Who the hell could it be? Two.
She sucked in a lungful of air and slipped into shadow. The comforting dark embraced her, and she became part of the faded carpet. She sped through the crack under the door and got an image of the sleek surface of someone in a full bodysuit. She darted between his legs and emerged from the shadow behind him.
Three.
The Carpenter jerked the door open, and at the same time she shoved the barrel of her gun against the stranger’s back. The man jumped, but before he could react, the Carpenter’s hand darted out, latched onto his shoulder, and hauled him inside. Niobe followed, gun pressed against the white bodysuit that covered every inch of skin.

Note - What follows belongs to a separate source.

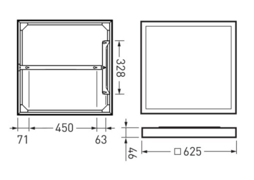 Leuchtenkörper aus Aluminium. Oberfläche weiß beschichtet (RAL 9016). Maße (L x B): 625 mm x 625 mm, Leuchtenhöhe 46 mm. Schutzklasse (EN 61140): II, Schutzart (DIN EN 60529): IP20, Stoßfestigkeitsgrad nach IEC 62262: IK02, Prüftemperatur Glühdrahttest gemäß IEC 60695-2-11: 650 °C. Gewicht: 2,8 kg.
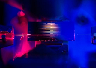 Close-up of an optical amplifier chip, similar to the one detailed in this study, that is being developed in the lab of Stanford physicist Amir Safavi-Naeini. A red laser light shines from an optical fiber on the left to help with aligning the fiber to the chip. [Credit: Jim Gensheimer for Stanford University]

She kicked the door shut behind her as the Carpenter pressed the man against the wall. The suited man was so tall she had to stretch to press the gun barrel against the side of his head. The masked man raised his arms, palms out, and said, “Jesus Christ, don’t shoot!”
It took her a moment to recognise him. “Quick-fire?”
“Bit far from the Blind Man’s territory, aren’t you, speedster?” the Carpenter said, the man’s suit fabric scrunched in his fist. “Get lost on your way to buy a pack of smokes?”
There was a patch on his suit covering the spot where Niobe’s stun round had hit him. That felt like years ago.
“Talk quick,” she said. “How do you know where I live?”
“The Blind Man.” His voice was clipped. “He knows all that sort of stuff.”
That son of a bitch. What else did he get when he was rooting around in her brain? Were her bloody memories not enough?
“What do you want, Quick-fire?” the Carpenter said.